Terrorismo, arrestato 17enne di Pescara con manuali per armi e piani di attacco
Un 17enne di Pescara è stato arrestato per terrorismo dopo aver diffuso manuali su armi e attentati. Il giovane, domiciliato nel Perugino, aveva contatti con gruppi neonazisti online e pianificava un attacco in ambito scolastico.
Un ragazzo di 17 anni, originario di Pescara e residente in provincia di Perugia, è stato fermato dai Carabinieri con l’accusa di propaganda e istigazione a delinquere per motivi razziali, oltre alla detenzione di materiale con finalità di terrorismo. Il provvedimento è stato eseguito nelle prime ore della giornata e ha portato al trasferimento del minore in un istituto penale.

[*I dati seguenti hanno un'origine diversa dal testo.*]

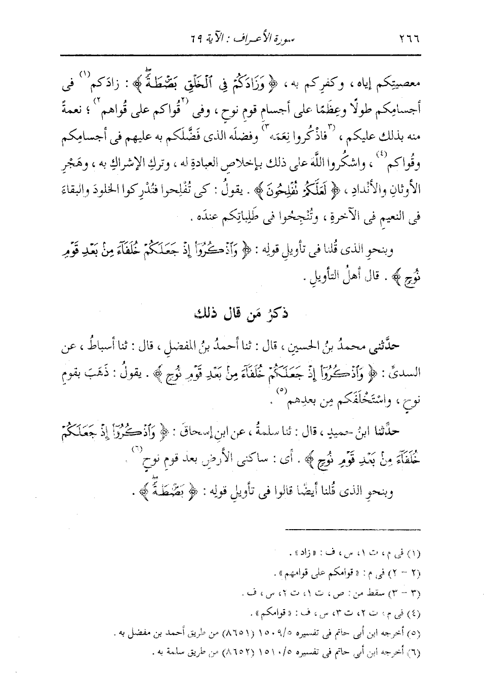 ذِكْرُ مَنْ قَالَ ذَلِكَ حَدَّثَنِي مُحَمَّدُ بْنُ الْحُسَيْنِ، قَالَ: ثنا أَحْمَدُ بْنُ الْمُفَضَّلِ، قَالَ: ثنا أَسْبَاطٌ، عَنِ السُّدِّيِّ: {§وَاذْكُرُوا إِذْ جَعَلَكُمْ خُلَفَاءَ مِنْ بَعْدَ قَوْمِ نُوحٍ} [الأعراف: 69] يَقُولُ: «ذَهَبَ بِقَوْمِ نُوحٍ وَاسْتَخْلَفَكُمْ مِنْ بَعْدِهِمْ»
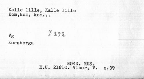//// Kalle lille, Kalle lille //// Kom,kom, kom... //// i //// vg 2 a?%, //// Korsberga //// ^ NORD. MUS. //// E.U. 21310. Visor, V. s.39 //// - //// * //// - - ////
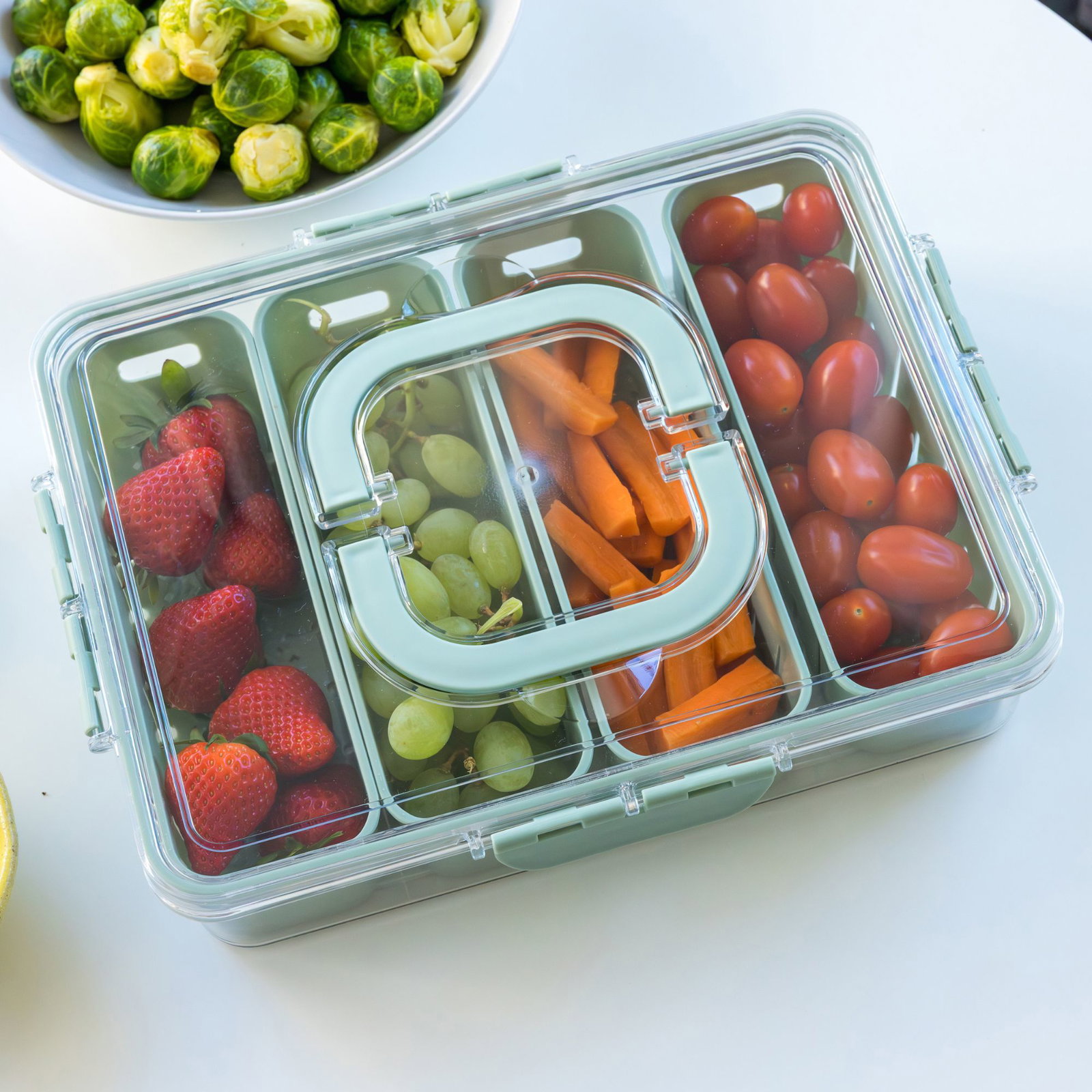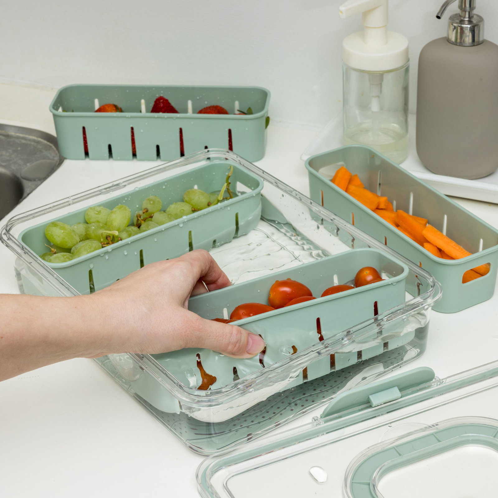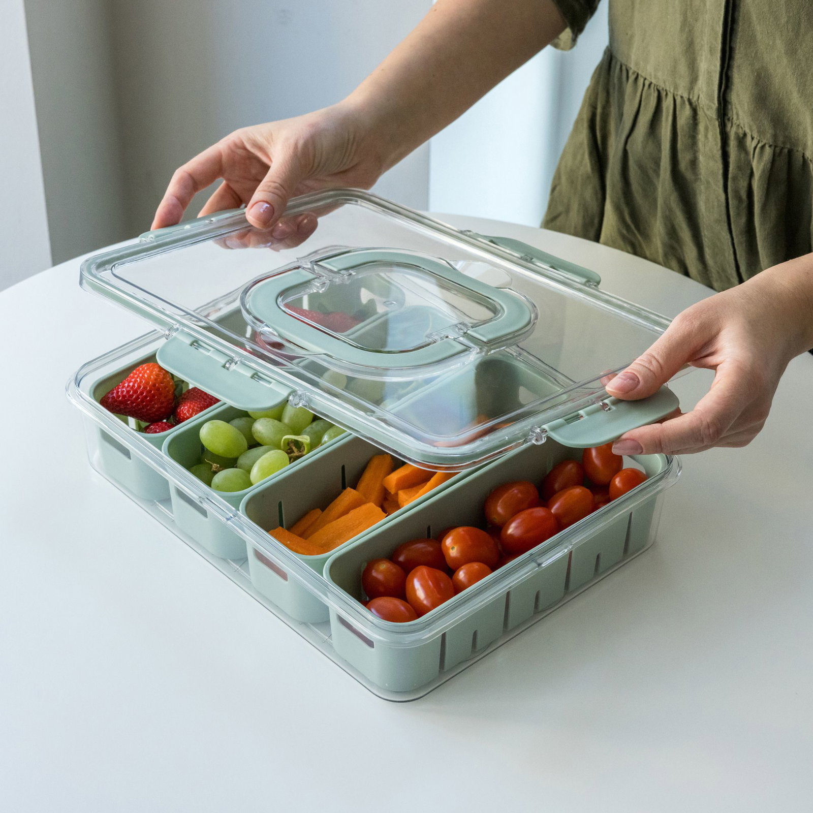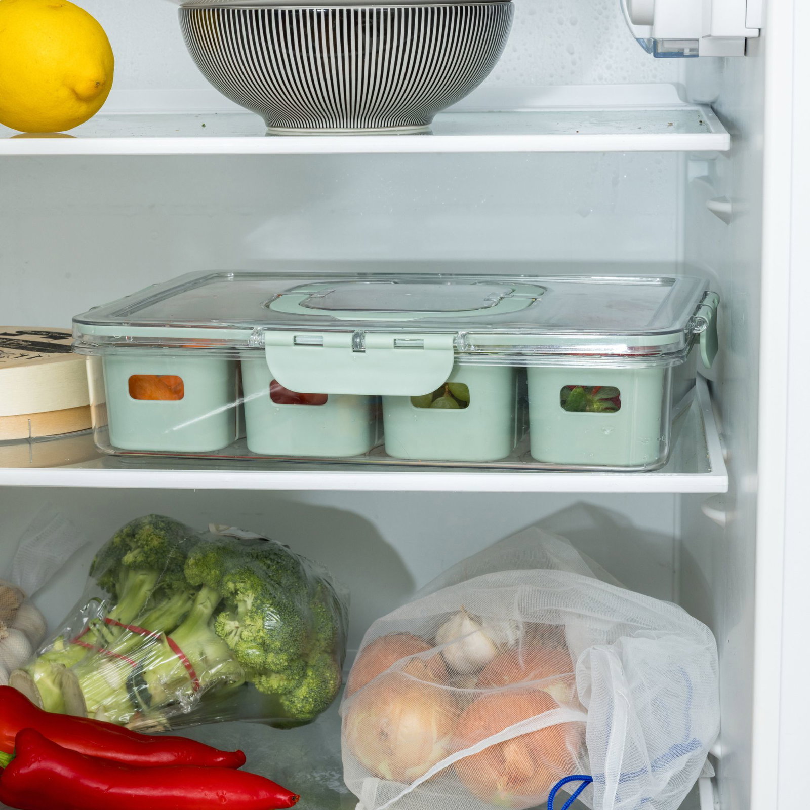 Det transparente låg gør det nemt at se indholdet med det samme, og de udtagelige bakker giver fleksibel og overskuelig opdeling. Velegnet til både opbevaring i køleskabet og til madforberedelse.

L’indagine, coordinata dal Raggruppamento operativo speciale, ha portato alla luce un’attività di ricerca e condivisione di documenti che spiegavano nel dettaglio come costruire armi da fuoco e ordigni artigianali. Tra i file sequestrati figurano istruzioni su sostanze chimiche e batteriologiche, insieme a guide pratiche per colpire infrastrutture e servizi pubblici.
Leggi anche: Studente arrestato per terrorismo preparava armi e piano di strage a scuola
Gli investigatori hanno trovato anche indicazioni su come reperire armi, realizzarle con stampanti 3D e produrre il Tatp, un esplosivo noto per la facilità di preparazione e già utilizzato in diversi attentati in Europa. Il materiale era inserito in un contesto ideologico che richiamava apertamente finalità estremiste.
Dalle verifiche è emerso inoltre che il giovane aveva contatti con gli amministratori di un gruppo Telegram chiamato “Werwolf Division”, in cui circolano contenuti suprematisti e neonazisti. All’interno del canale venivano esaltati autori di stragi come Brenton Tarrant e Anders Breivik, presentati come modelli da imitare.
Secondo gli inquirenti, il minorenne avrebbe espresso la volontà di compiere una strage in una scuola, prendendo ispirazione da quanto accaduto alla Columbine High School nel 1999, con l’intenzione di togliersi la vita subito dopo.
Nel corso dell’operazione sono state effettuate sette perquisizioni tra Abruzzo, Emilia-Romagna, Umbria e Toscana, coinvolgendo altri minorenni residenti nelle province di Teramo, Perugia, Pescara, Bologna e Arezzo. I ragazzi risultano indagati per reati legati alla diffusione di contenuti discriminatori e all’istigazione all’odio.
Gli accertamenti hanno evidenziato l’esistenza di una rete online frequentata da giovanissimi, caratterizzata da contenuti neonazisti e da una forte attrazione verso la violenza, alimentata dalla circolazione continua di materiale radicale e propagandistico.